From earlier comments, it seems the bug is because nsStyleVisibility::mLanguage isn't computed properly by the Style System. http://lxr.mozilla.org/seamonkey/source/content/shared/public/nsStyleStruct.h#62 9 (Later on, the font engine uses that to pick the right subset in fonts, for example to distinguish "Times New Roman"-Western-subset from "Times New Roman"-Arabic-subset. Strictly speaking, it isn't the CSS selection algorithm that is at fault.) Looks like the patch was an attempt to get nsStyleVisibility::mLanguage to be filled properly. But the issue might just be to get PostResolveCallback() to work. @@ -3301,10 +3269,10 @@ nsHTMLValue value; aAttributes->GetAttribute(nsHTMLAtoms::lang, value); if (value.GetUnit() == eHTMLUnit_String) { - // Register a post-resolve callback for filling in the language atom - // over in the computed style data. - aData->mAttributes = (nsIHTMLMappedAttributes*)aAttributes; - aData->mPostResolveCallback = &PostResolveCallback; + nsAutoString lang; + value.GetStringValue(lang); + aData->mDisplayData->mLang.SetStringValue(lang, + eCSSUnit_String);
Comments on the backend changes: > 4)Probably it doesn't add bloat to the system. Because we are passing > lang directly, "nsIHTMLMappedAttributes* mAttributes; " was eliminated > from nsNode structure. "mLanguage" is part of the "nsStyleVisibility" > long before my change. The nsCSSDeclaration data structures (of which nsCSSDisplay is one) are one of our biggest bloat problems. It most definitely does add bloat to the system, and for a bad reason (see next point). > 5)It might be true in one or 2 places in those files that my change is > unnecessary. But most of them are needed even though 'lang' is not from > CSS2. Those are simple changes and shouldn't be a concern. Causing a new CSS property to be recognized and parsed is not a simple change that should not be of concern. The CSS working group has agreed that, since the CSS property namespace is very crowded, we will not add custom properties without prefixing them. Furthermore, adding a new CSS property, in the current CSS declaration implementation (which we're hoping to change), adds a good bit of bloat to the system. Finally, I don't see a reason that 'lang' (or '-moz-lang') should be a CSS property. The language that content is written in should be part of the markup, not part of the style. You do not need to add a new CSS property to be parsed to allow the value to be in the style structs -- the backend style rule structs and the frontend style data structs are different structures, and you don't need anything in the backend structs since there is no CSS property -- you only need the information in the style data. You should remove the changes to the 4 files I mentioned above and attach a new patch for review so that we can then discuss the actual changes that you want to make.

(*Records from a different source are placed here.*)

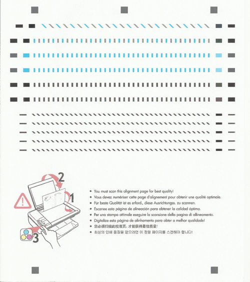 Wielu producentów urządzeń wielofunkcyjnych dołącza do sprzedawanych zestawów specjalną kartę kalibracyjną. Należy jej użyć bezpośrednio po instalacji urządzenia. Kalibracja ma duże znaczenie dla jakości uzyskiwanych skanów, dlatego nie należy pomijać tego etapu. Jeżeli karty kalibracyjnej nie ma w pudełku, bardzo możliwe, że należy ją po prostu wydrukować i zeskanować. Może być zapisana w pamięci drukarki lub zamieszczona w formie pliku na płycie CD zawierającej oprogramowanie do danego modelu drukarki. Karta kalibracyjna to najczęściej zestaw umieszczonych w usystematyzowany sposób symboli. Powyżej widoczna przykładowa karta kalibracyjna dodawana do urządzenia wielofunkcyjnego firmy HP. Szczegóły dotyczące procesu wstępnej kalibracji powinieneś znaleźć w dokumentacji posiadanego urządzenia. Pamiętaj, by nie pomijać procesu kalibracji. Żadne porady nie pomogą, jeżeli skaner nie będzie poprawnie skalibrowany.
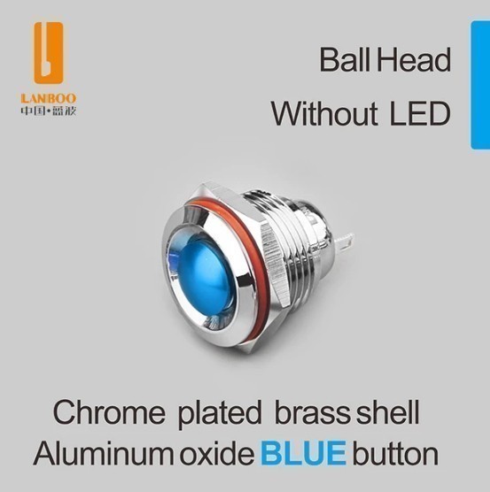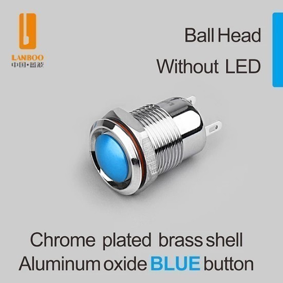 | LB12B-Q10F-N-A(L)blue Кнопка антивандальная Круглая, 12 мм, нормально открытая, без фиксации, aluminum oxide BLUE, синий, без подсветки
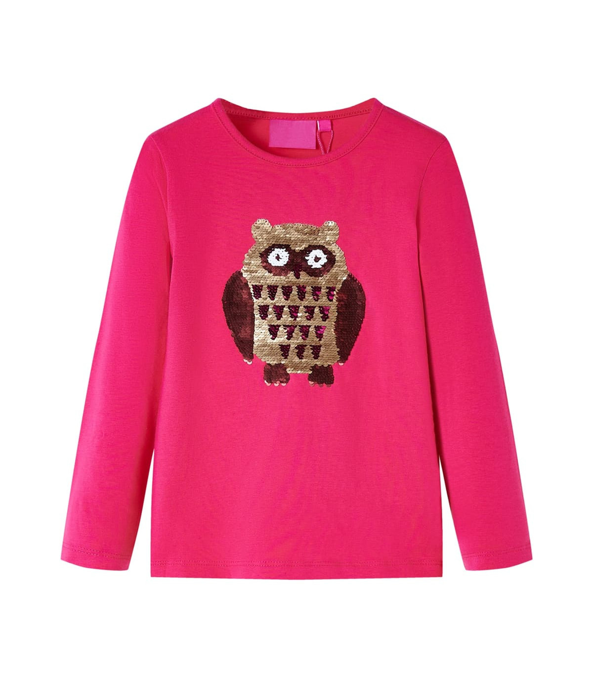 Our children's clothing line is all about affordable, high-quality, and durable everyday wear for kids aged 1.5 to 10. Our range includes jackets, sweaters, shirts, and many more, with a variety in style, size, and colour. Following the high-quality standard in the market, we are using high-grade materials and advanced manufacturing techniques. This kids' t-shirt has long sleeves, a round neckline, and a straight model. This bright pink t-shirt features a large, special owl. The children's long sleeve t-shirt is made from soft material with 95% cotton and 5% elastane for extra comfort and breathability. Good to know: This size chart in the picture provides measurements for kids aged 1.5 to 10, covering the height, chest, waist, and hip. You can easily find the right fit for your child.

Comments on font selection: The basic idea of the CSS font selection algorithm is that a list of fonts should be sufficient when styling an element -- if a glyph is not found in the first font, then one proceeds to the second font to look for the glyph, etc. For documents containing multiple languages of text, there may need to be different default font styles that act like selectors with [lang="..."] in the UA stylesheet. To solve problems like the poor appearance of western characters in CJK fonts, the default font-family list for text in Japanese would *begin* with a Western font that contains good glyphs for western characters, and it would then have the preferred fonts used to display the Japanese characters. This leads to Western characters being displayed using Western fonts and Japanese characters being displayed using Japanese fonts. This is a simple way of doing things, although it generally requires more work in the style code and less work in the font code. The preferred approach up to this point has been to hack lots of complexity into the platform-specific font code (e.g., bug 33162 and bug 4760) and keep everything out of the style code. I've been disappointed that the approach advocated by the standard (which would have involved moving a bit more of the handling of these issues into the cross-platform style code rather than handling them in the platform-specific font code) was not even tried before nonstandard approaches were taken, and I'm wondering how these changes fit in to our overall approach to font selection.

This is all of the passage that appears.